In 1987, he received the first Christian Dior award from the Comité Colbert. The next year, he became assistant to Erik Mortensen at the Balmain fashion house. After the departure of Mortensen, Pierre created three of his own fashion collections in 1991 and 1992.

In addition to fashion, Pierre has also designed costumes for several opera houses. In 1992, he designed the costumes for Angelin Preljocaj's version of the ballet Parade for the Paris Opera Ballet and the Sydney Opera House, followed by costumes for Preljocaj's ballet Le Parc for Paris Opera Ballet in 1994. He has also designed costumes for New York City Ballet (1998) and Berliner Staatsoper (1999).
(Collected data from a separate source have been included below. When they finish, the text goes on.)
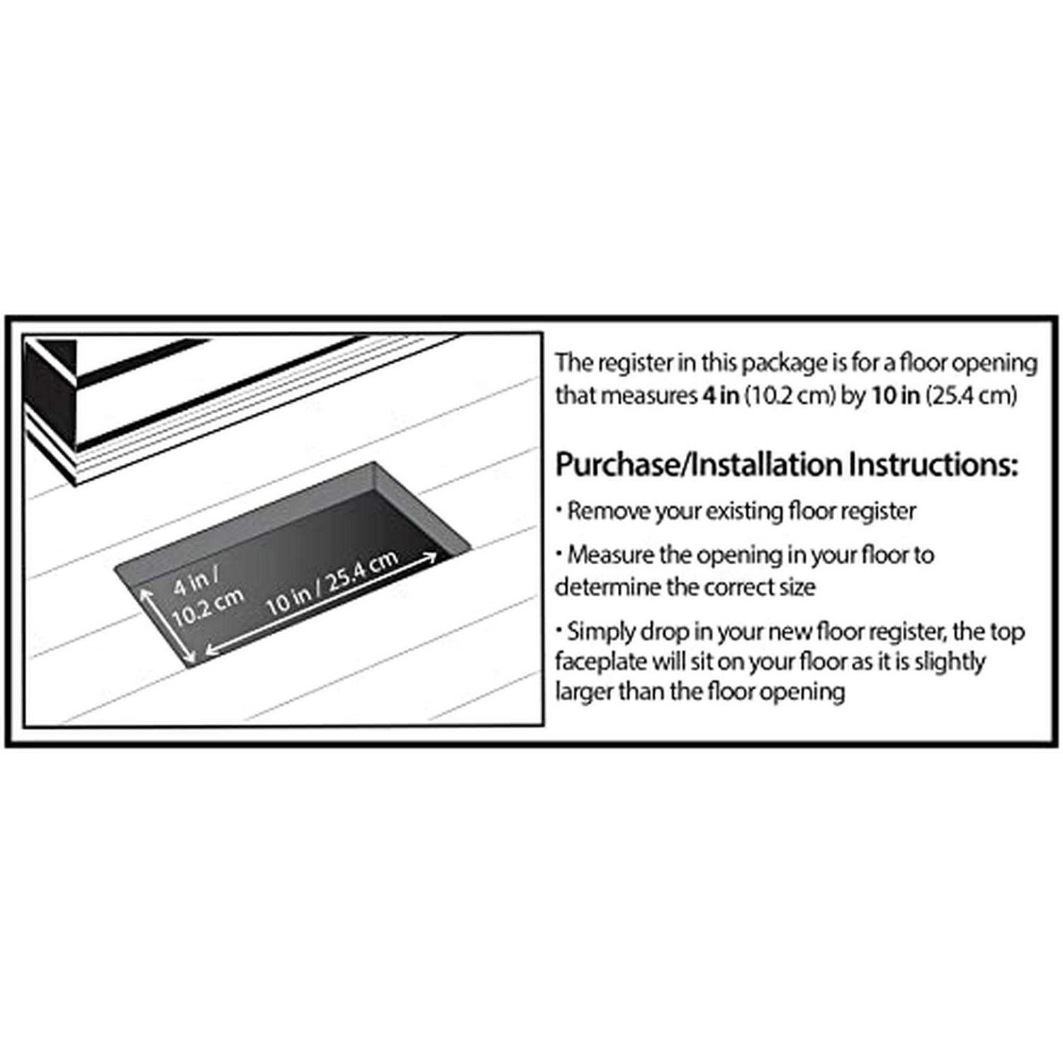 Each grate is designed for easy installation and operation, simply remove your previous grate and insert the new grate by dropping it into place. Air flow is controlled by the high impact damper box. To order the correct size simply measure the size of the duct opening. EAN: 0771308028460 Package Dimensions: 13.5 x 12.0 x 6.0 inches
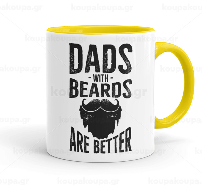 Dad's with beards are better, Κούπα χρωματιστή κίτρινη, κεραμική, 330ml
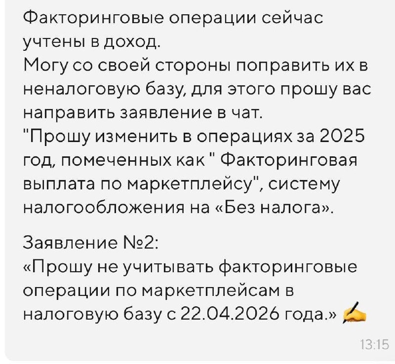 После прошлого поста про Точку начали писать в личку. И там уже не один случай. Схема повторяется. Подключён гибкий график выплат или факторинг → деньги приходят частями → а в бухгалтерии это учитывается как доход. И не тот, что реально получил на счёт, а больше. В итоге у людей расходится картина: по факту получили условно 50 тыс, в отчётах — уже 150+ тыс оборота. Разницу никто автоматически не чистит. Самое интересное — реакция поддержки. Сначала: «всё считается корректно». Потом, когда начинаешь разбирать конкретные операции: «ну да, факторинг нужно исключать вручную». И дальше предлагают писать заявления, чтобы это перевели в неналоговую базу. То есть по умолчанию система может завышать доход, а исправлять это должен сам селлер. Люди пишут, что за пару месяцев так переплатили десятки тысяч рублей налогов. История становится системной. Если работаете с факторингом или гибкими выплатами — лучше отдельно проверить, как у вас считается доход. Иначе можно узнать о «дополните
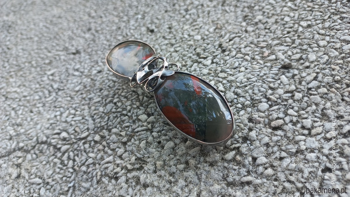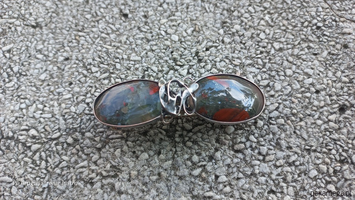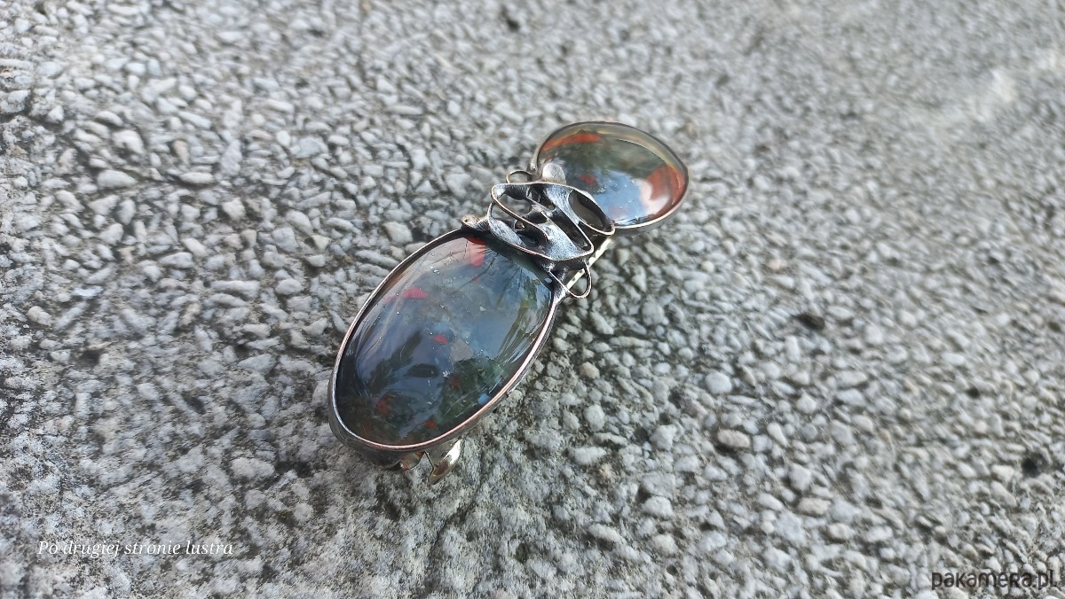 Klamra do włosów, wykonana z miedzi, cyny i jaspisów. Metalowe, automatyczne zapięcie. Wymiary ok. 8 na 2.3 cm. Element zapinający ma 6 cm.

In the beginning of the 1990s, he moved to the United States where he worked for Oscar De la Renta . He served as creative director for Vera Wang from 1998 to 2000 and then moved to Bill Blass to work under then-creative director Lars Nilsson. After Bill Blass, he worked for Carolina Herrera for fourteen years, where he left a position as creative director in February 2016. His clients have included U.S. first ladies Hillary Clinton, Laura Bush and Michelle Obama.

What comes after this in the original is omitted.